Certain sounds may make you uncomfortable, even send a shiver down your spine. But for other people, noises can trigger conditions like misophonia and hyperacusis. These conditions trigger a visceral reaction from people when they hear a certain sound.
What Is Misophonia?
Loud chewing or tapping can be irritating. For those with misophonia, these sounds can make them extremely angry, irritated, or anxious. Misophonia is a hatred of a specific sound or sounds. Researchers believe it develops between the ages of 9 to 13 and is more common in females.
- Emotional or physical discomfort
- Panic or anger
- Increased heart rate or tightness in the chest
Responses differ among individuals with misophonia, and the same sound won’t trigger everyone. The part of the brain that is activated during trigger exposure is also responsible for fear and emotions.
What About Hyperacusis?
While misophonia causes an emotional reaction, hyperacusis results in physical pain in the ears. The degree of pain depends on the volume of the sound, so louder sounds will elicit a more painful reaction. The pain can manifest as pressure or loud ringing in the ears.
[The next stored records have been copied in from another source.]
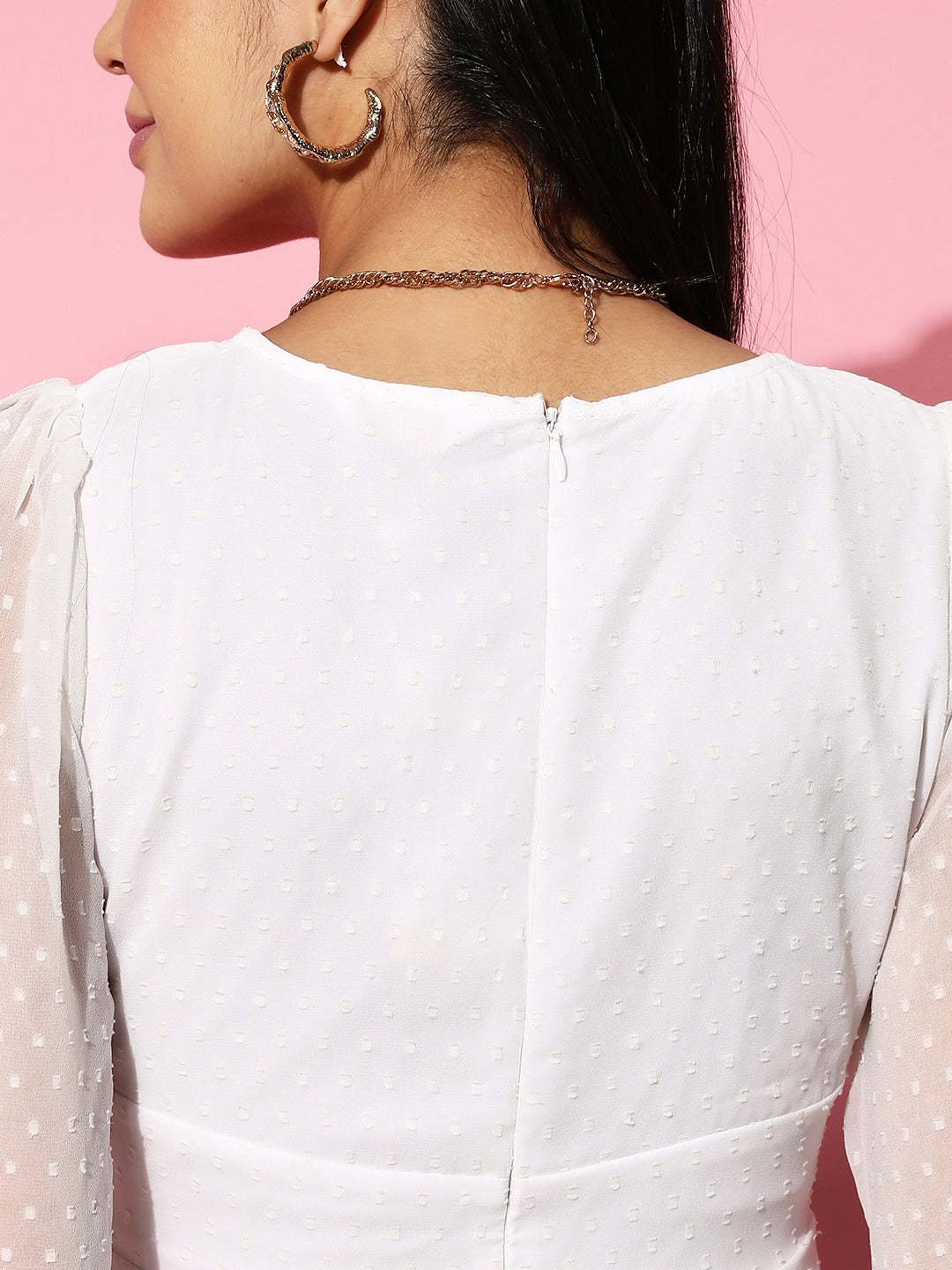 Intertwined with the true epitome of pure elegance and sophistication by opting for this sassy Solid White Dobby Weave Square Neck Georgette Pleated Fit & Flare Mini Dress introduced from the latest casual wear collection of Berrylush. Tailored with a fit & flare shape to give this dress sartorial perfection with a curve-hugging fit that showcases your feminine figure. The long-puff sleeves present a perfect blend of retro and modern style with voluminous coverage to your arms. Comes with concealed zip closure that makes this dress easy to pull on and take off without taking much time. Finish your look effortlessly by pairing this dress with your favourite heels, matching earrings, and a cute side bag.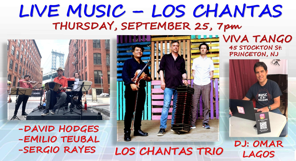 We’ll close out September with a special night of live music by the multinational tango trio, Los Chantas.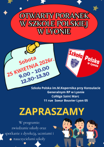 W sobote 25 kwietnia zapraszamy na Otwarty Poranek w Szkole Polskiej im.M.Kopernika przy Konsulacie Generalnym RP w Lyonie w godz. od 9.00 do 10.00 oraz od 12.30 do 13.30! Zapraszamy!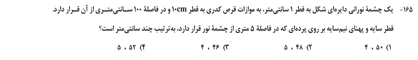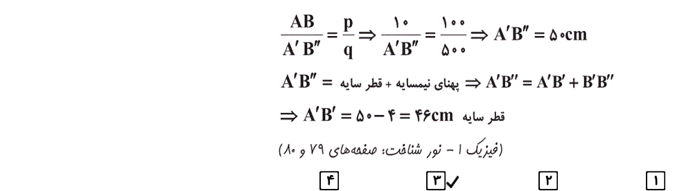 بررسیها نشان میدهد دانش آموزان پهنای سایه را قطر دایرهای که روی پرده افتاده در نظر گرفتهاند و پهنای نیمسایه را از آن کسر نکردهاند و به همین دلیل گزینه نادرست 1 را به عنوان پاسخ در نظر گرفتهاند.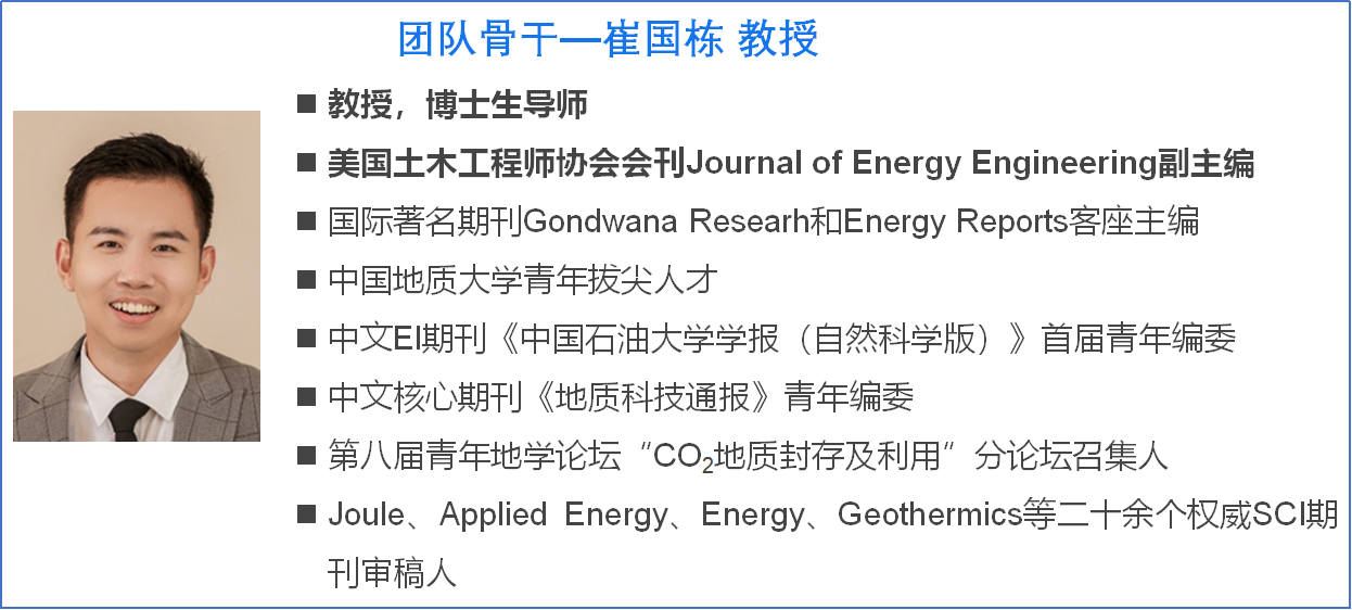 崔国栋教授,博士生导师,国际期刊Journal of Energy Engineering副主编,国际著名期刊GondwanaResearh和Energy Reports客座主编,中国石油大学学报和地质科技通报青年编委。一直以来聚焦CO2地质封存、CO2-采热储能方面的研究。近五年,主持或参与国家重点研发计划、国家自然科学基金和省市自然科学基金等10余项,以第一作者发表CO2地质封存及地热开发论文30余篇,其中ESI高被引论文6篇,中科院一区论文10篇。研究工作成果被Renewable Energy Global Innovations作为Key Scientific Article进行了特别报道,促进了CO2地质封存和资源化利用研究进展。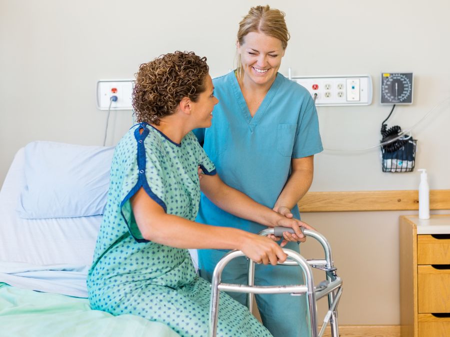 Dal secondo giorno molti pazienti riescono a stare in piedi e a compiere i primi passi con l’aiuto di un deambulatore. Se le condizioni lo permettono, dal terzo giorno il deambulatore può essere sostituito con le stampelle, mentre prosegue il lavoro riabilitativo con esercizi di mobilizzazione e rinforzo muscolare.

Episodes can last for long periods of time. Unlike misophonia, hyperacusis is usually linked to previous ear trauma like long-term noise exposure or physical damage.
Are Either Treatable?
Hearing aids can treat the side effects of these conditions. Devices now have sound therapy programs that help reduce the painful attacks of hyperacusis. Hearing aids also stimulate parts of your nervous and auditory systems to retrain the physiological reaction to triggers.
They can also be programmed to detect and block out trigger noises for those with misophonia. For example, if you hear someone chewing, hearing aids can cover the noise with a neutral sound like rushing water.
Misophonia can also be treated with counseling and controlled exposure to improve emotional reactions to sounds.